A Psychiatrist Explores the Connection Between Darkness and Spiritual Growth.
Dr Gerald May, the esteemed younger brother of the late famed psychiatrist and writer Dr Rollo May, is one of the great spirituality teachers and writers of our time. And his merging of psychiatric analysis and counselling into deep spirituality is unique and highly esteemed.
In this book, he argues that the dark "shadow" side of the true spiritual life has been trivialised and neglected to our serious detriment. Superficial and naively upbeat spirituality does not heal and enrich the soul. Nor does the other tendency to relegate deep spiritual growth to only mystics and saints. Only the honest, sometimes difficult encounters with what Christian spirituality has called and described in helpful detail as "the dark night of the soul" can lead to true spiritual wholeness.

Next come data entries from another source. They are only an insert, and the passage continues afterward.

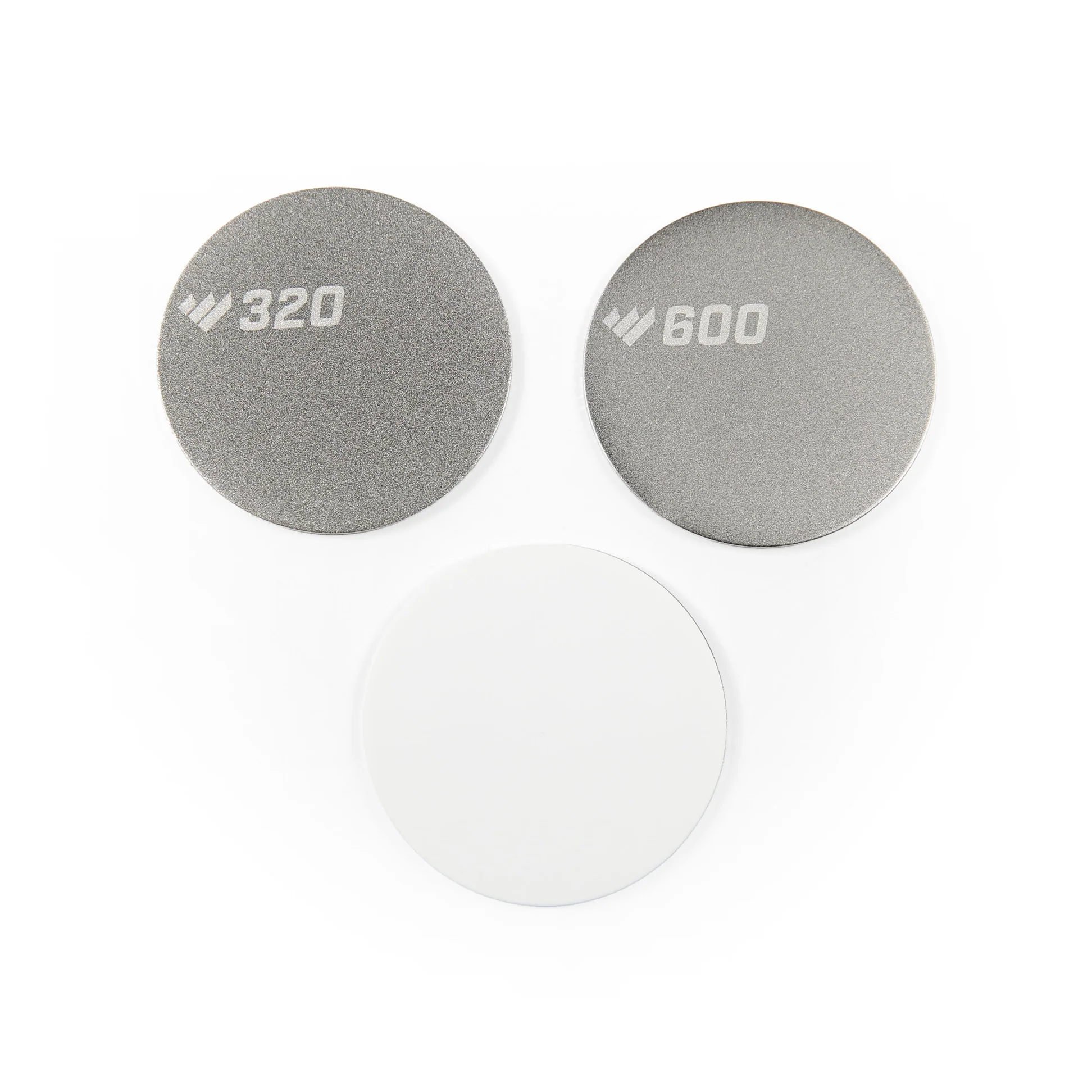 · Vymeniteľné brúsne materiály umožňujú jednoduchú výmenu diamantových kotúčov s hrubosťou 320 a 600 a keramického honovacieho kameňa, aby ostrenie zostalo rýchle a jednoduché.
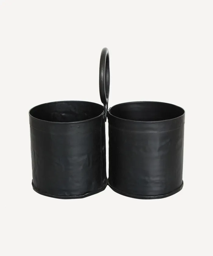 - Style Description:Black iron utensil holder, great for eating outdoors.
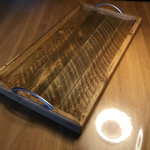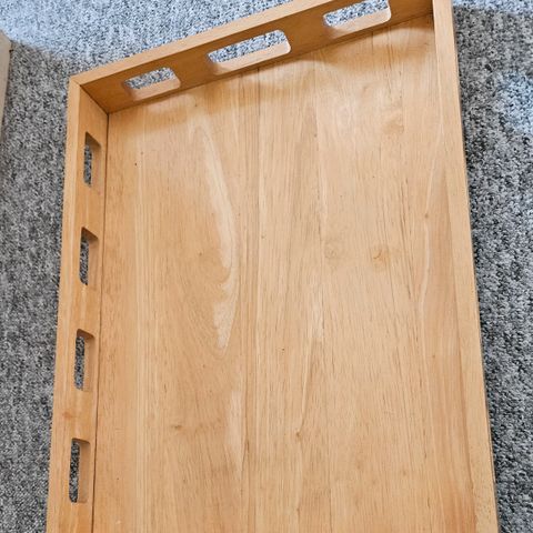 2 (ens) serveringsbakker i lakeret fyr, med amr valnød håndtag.
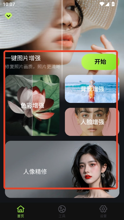 2. 进入主页后,能够查看软件所涵盖的全部修图功能。
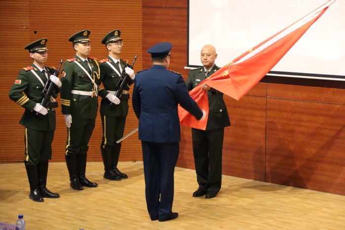 王学刚为训练团团长王帅授旗。
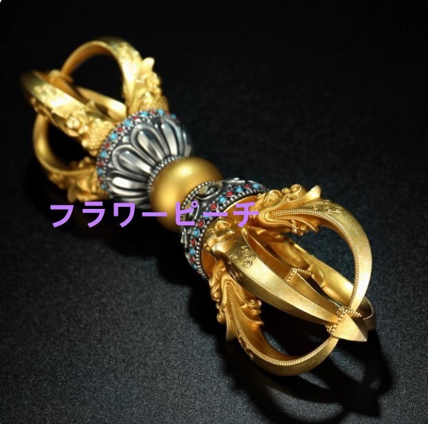 - 密教法具「五鈷杵」真鍮製 最高級品 密教呪術の中核的ツール 密教法具の王者 金剛杵 杵形 寺院ギフト用 魔除け お守り (高さ13.5 cm)
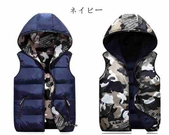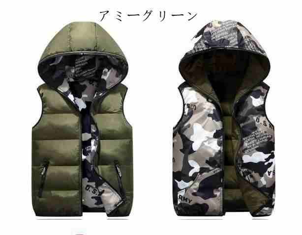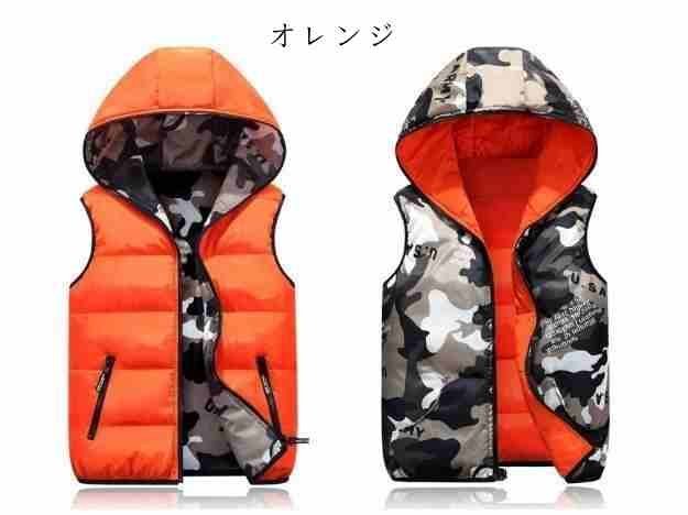 7色!秋冬新品★メンズダウンベスト フード付き 細身 切替 カジュアル 人気 保温軽量 迷彩風 おしゃれ DJ079
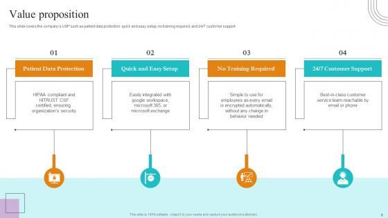 This slide covers the companys USP such as patient data protection, quick and easy setup, no training required, and 24 7 customer support. Slidegeeks has constructed Value Proposition Paubox Capital Funding Pitch Deck Pictures Pdf after conducting extensive research and examination. These presentation templates are constantly being generated and modified based on user preferences and critiques from editors. Here, you will find the most attractive templates for a range of purposes while taking into account ratings and remarks from users regarding the content. This is an excellent jumping off point to explore our content and will give new users an insight into our top notch PowerPoint Templates. This slide covers the companys USP such as patient data protection, quick and easy setup, no training required, and 24 7 customer support.
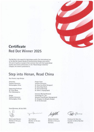 Recently, the winners of the globally renowned design competition “Red Dot Award: Brands & Communication Design 2025” were officially announced. The main visual and logo design of Step into Henan, Read China, created by a student team including Zuo Sixue under the guidance of Wang Yifan and Liu Weishang from the School of Arts and Design, stood out among numerous entries worldwide and won the Red Dot Award: Brands & Communication Design 2025. This marks the second consecutive year that YSU has received the award, highlighting its sustained recognition by international authorities for excellence in design innovation and international influence.
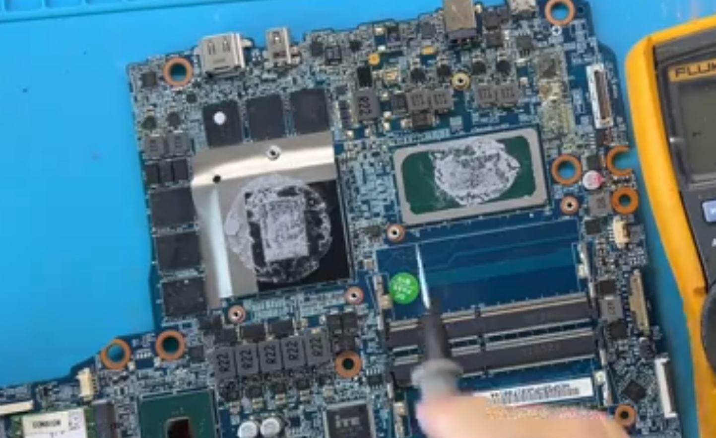 換掉測量對地沒短路問題,上電還是沒有過來VIN,直接找啊,找到另外一個p溝道,測量發(fā)現(xiàn)柵極有5v,s源極有5v,找了半天柵極為什么5v,最后測量柵源擊穿,更換完p溝道管子,完美,后面跟著主板bios。
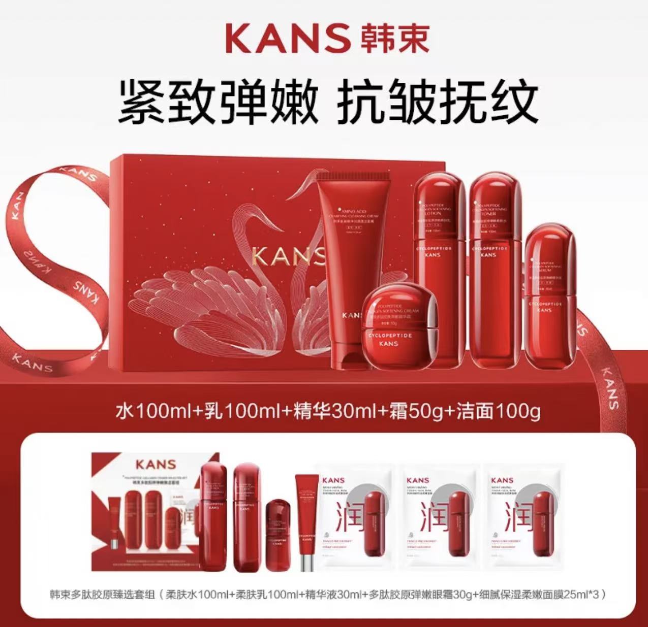 【买1享12】韩束多肽胶原挚臻礼盒装水乳眼霜面霜精华洗面奶(535ml+180g)正品保证
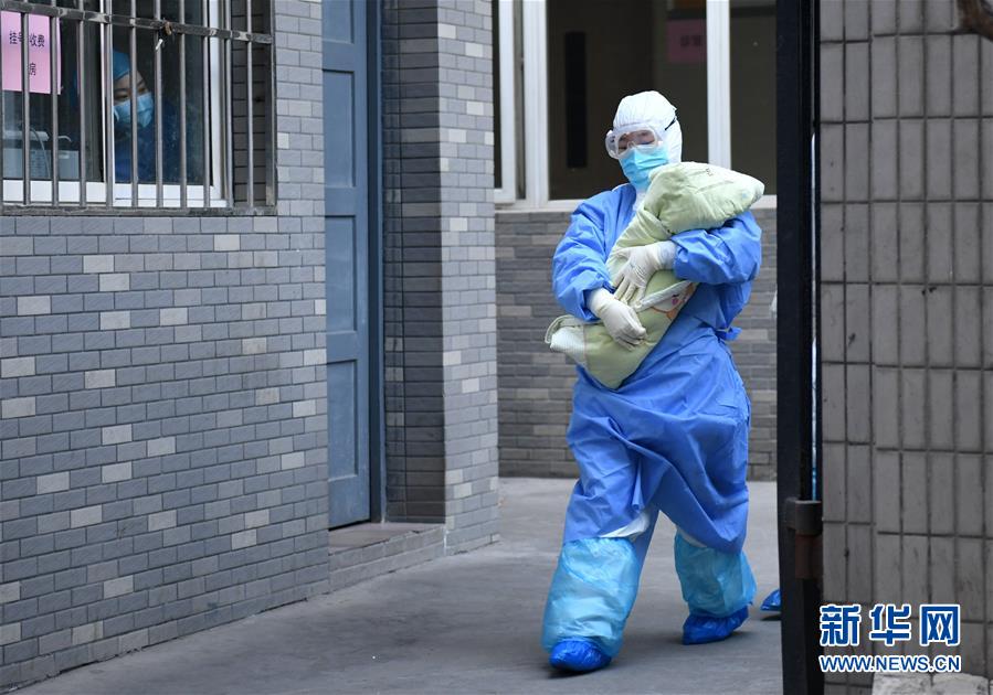 2月15日,在西安交通大学第二附属医院,医护人员怀抱陕西省首例新冠肺炎产妇诞下的健康新生儿走出医院,护送新生儿返乡。新华社记者 李一博 摄
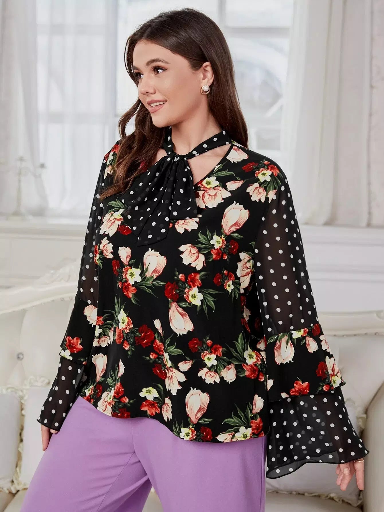 Women - Plus Tie Neck Floral & Polka Dot Print Blouse
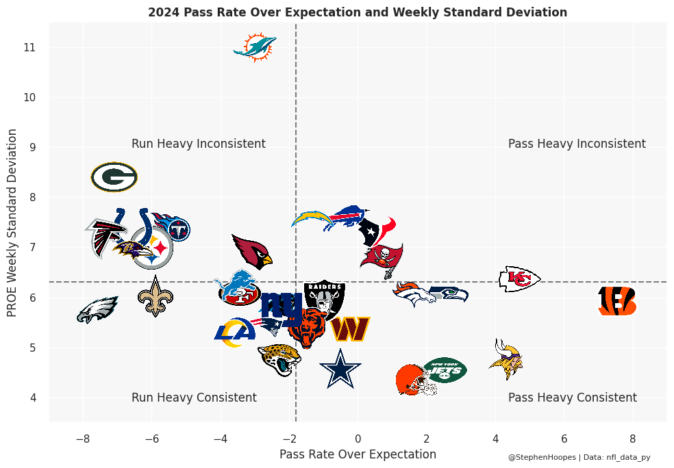 The graph below shows pass rate over expected (PROE) on the x-axis and how much that fluctuated weekly on the y-axis. It’s probably not surprising, given what I said above, that the Eagles and Bengals are on opposite sides of the graph. The 2024 Eagles had the second-lowest pass rate of any team since 2011. But extremely low pass rates like that almost always increase sharply the following season.

He emphasises that the dark night is not necessarily a time of suffering and near despair, but a time of deep transition, search for new orientation when things are clouded and full of mystery. May draws on the resources of great Christian spiritual teaching and writing on the Dark Night, especially by Sts John of the Cross and Teresa of Avila, and on other spiritual traditions, psychiatric ideas and writing, and on great poetry and other literature.
This book embraces the universal spiritual experience of disorientation, doubt, fear, emptiness, "dryness", despair, and the like, all of which are ingredients in developing a mature, authentic spiritual life. The dark gives depth, dimension, fullness to the spiritual life.